*Task goal:*
Each entry below should be given again exactly; the pictures stay out.

*Data:*
┄┄┄┄┄┄┄┄┄┄
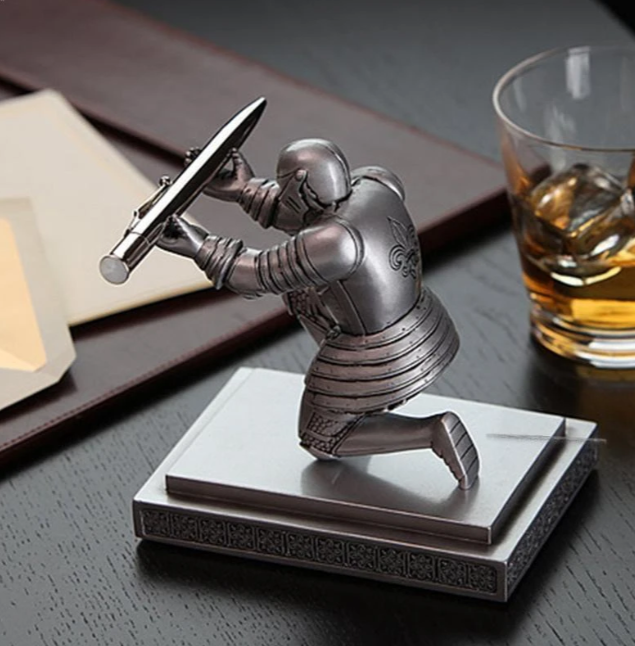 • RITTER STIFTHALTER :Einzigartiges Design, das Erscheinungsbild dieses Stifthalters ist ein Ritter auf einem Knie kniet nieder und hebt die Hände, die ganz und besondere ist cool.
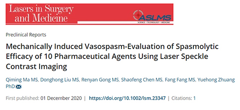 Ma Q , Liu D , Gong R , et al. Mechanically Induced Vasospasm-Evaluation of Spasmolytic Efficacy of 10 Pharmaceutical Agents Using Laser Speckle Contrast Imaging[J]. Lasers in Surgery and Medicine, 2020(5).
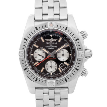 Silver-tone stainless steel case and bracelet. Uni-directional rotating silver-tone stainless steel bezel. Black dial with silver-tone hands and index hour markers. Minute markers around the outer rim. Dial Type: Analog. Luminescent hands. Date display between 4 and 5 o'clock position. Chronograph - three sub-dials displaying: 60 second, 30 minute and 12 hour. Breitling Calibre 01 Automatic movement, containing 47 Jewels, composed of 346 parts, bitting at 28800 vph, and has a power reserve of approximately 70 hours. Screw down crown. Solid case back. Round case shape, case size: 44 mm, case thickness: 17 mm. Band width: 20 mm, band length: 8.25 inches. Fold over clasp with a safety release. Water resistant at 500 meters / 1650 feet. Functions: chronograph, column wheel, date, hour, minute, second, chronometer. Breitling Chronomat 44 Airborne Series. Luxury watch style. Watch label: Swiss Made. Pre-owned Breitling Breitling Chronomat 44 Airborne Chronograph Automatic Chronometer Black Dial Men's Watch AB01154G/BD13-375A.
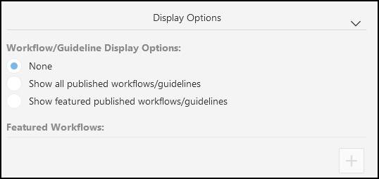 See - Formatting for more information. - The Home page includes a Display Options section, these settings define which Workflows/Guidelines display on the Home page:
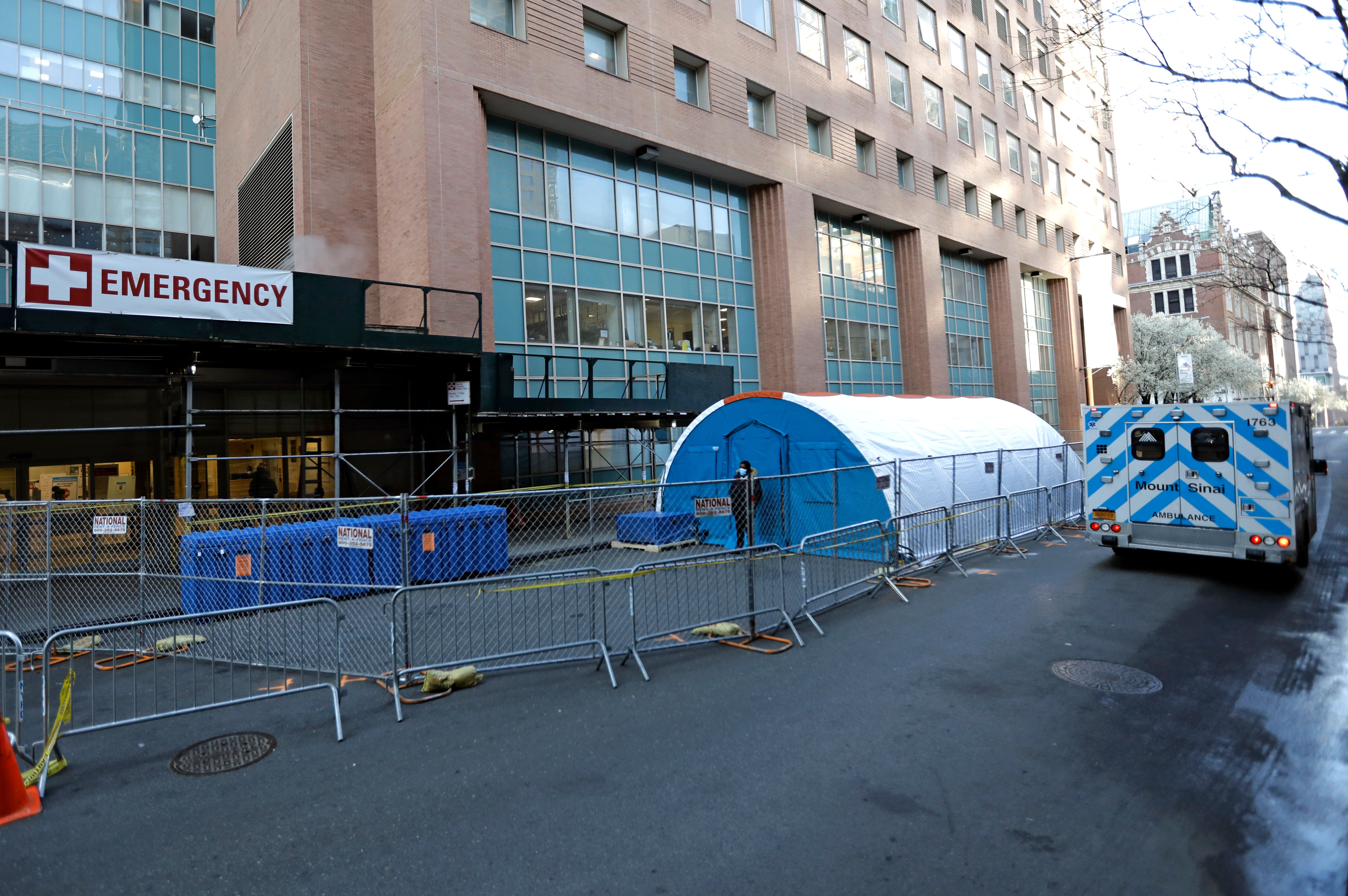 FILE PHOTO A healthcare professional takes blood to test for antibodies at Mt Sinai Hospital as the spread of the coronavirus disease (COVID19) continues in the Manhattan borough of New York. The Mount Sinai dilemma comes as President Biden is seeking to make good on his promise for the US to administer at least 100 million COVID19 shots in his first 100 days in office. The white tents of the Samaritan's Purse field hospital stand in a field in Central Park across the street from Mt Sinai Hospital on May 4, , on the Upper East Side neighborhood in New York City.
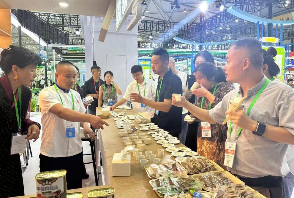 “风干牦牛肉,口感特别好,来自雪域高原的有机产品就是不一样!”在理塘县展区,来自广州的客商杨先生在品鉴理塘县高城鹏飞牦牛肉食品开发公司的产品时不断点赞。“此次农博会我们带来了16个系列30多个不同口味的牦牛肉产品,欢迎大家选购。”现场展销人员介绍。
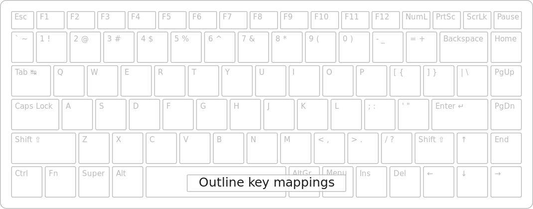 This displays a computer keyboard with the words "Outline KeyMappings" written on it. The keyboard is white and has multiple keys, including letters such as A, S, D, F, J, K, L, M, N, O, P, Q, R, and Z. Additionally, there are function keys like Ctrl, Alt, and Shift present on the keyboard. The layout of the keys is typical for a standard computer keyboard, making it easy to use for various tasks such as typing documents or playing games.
┄┄┄┄┄┄┄┄┄┄
*Your solution:*
 • RITTER STIFTHALTER :Einzigartiges Design, das Erscheinungsbild dieses Stifthalters ist ein Ritter auf einem Knie kniet nieder und hebt die Hände, die ganz und besondere ist cool.
 Ma Q , Liu D , Gong R , et al. Mechanically Induced Vasospasm-Evaluation of Spasmolytic Efficacy of 10 Pharmaceutical Agents Using Laser Speckle Contrast Imaging[J]. Lasers in Surgery and Medicine, 2020(5).
 Silver-tone stainless steel case and bracelet. Uni-directional rotating silver-tone stainless steel bezel. Black dial with silver-tone hands and index hour markers. Minute markers around the outer rim. Dial Type: Analog. Luminescent hands. Date display between 4 and 5 o'clock position. Chronograph - three sub-dials displaying: 60 second, 30 minute and 12 hour. Breitling Calibre 01 Automatic movement, containing 47 Jewels, composed of 346 parts, bitting at 28800 vph, and has a power reserve of approximately 70 hours. Screw down crown. Solid case back. Round case shape, case size: 44 mm, case thickness: 17 mm. Band width: 20 mm, band length: 8.25 inches. Fold over clasp with a safety release. Water resistant at 500 meters / 1650 feet. Functions: chronograph, column wheel, date, hour, minute, second, chronometer. Breitling Chronomat 44 Airborne Series. Luxury watch style. Watch label: Swiss Made. Pre-owned Breitling Breitling Chronomat 44 Airborne Chronograph Automatic Chronometer Black Dial Men's Watch AB01154G/BD13-375A.
 See - Formatting for more information. - The Home page includes a Display Options section, these settings define which Workflows/Guidelines display on the Home page:
 FILE PHOTO A healthcare professional takes blood to test for antibodies at Mt Sinai Hospital as the spread of the coronavirus disease (COVID19) continues in the Manhattan borough of New York. The Mount Sinai dilemma comes as President Biden is seeking to make good on his promise for the US to administer at least 100 million COVID19 shots in his first 100 days in office. The white tents of the Samaritan's Purse field hospital stand in a field in Central Park across the street from Mt Sinai Hospital on May 4, , on the Upper East Side neighborhood in New York City.
 “风干牦牛肉,口感特别好,来自雪域高原的有机产品就是不一样!”在理塘县展区,来自广州的客商杨先生在品鉴理塘县高城鹏飞牦牛肉食品开发公司的产品时不断点赞。“此次农博会我们带来了16个系列30多个不同口味的牦牛肉产品,欢迎大家选购。”现场展销人员介绍。
 This displays a computer keyboard with the words "Outline KeyMappings" written on it. The keyboard is white and has multiple keys, including letters such as A, S, D, F, J, K, L, M, N, O, P, Q, R, and Z. Additionally, there are function keys like Ctrl, Alt, and Shift present on the keyboard. The layout of the keys is typical for a standard computer keyboard, making it easy to use for various tasks such as typing documents or playing games.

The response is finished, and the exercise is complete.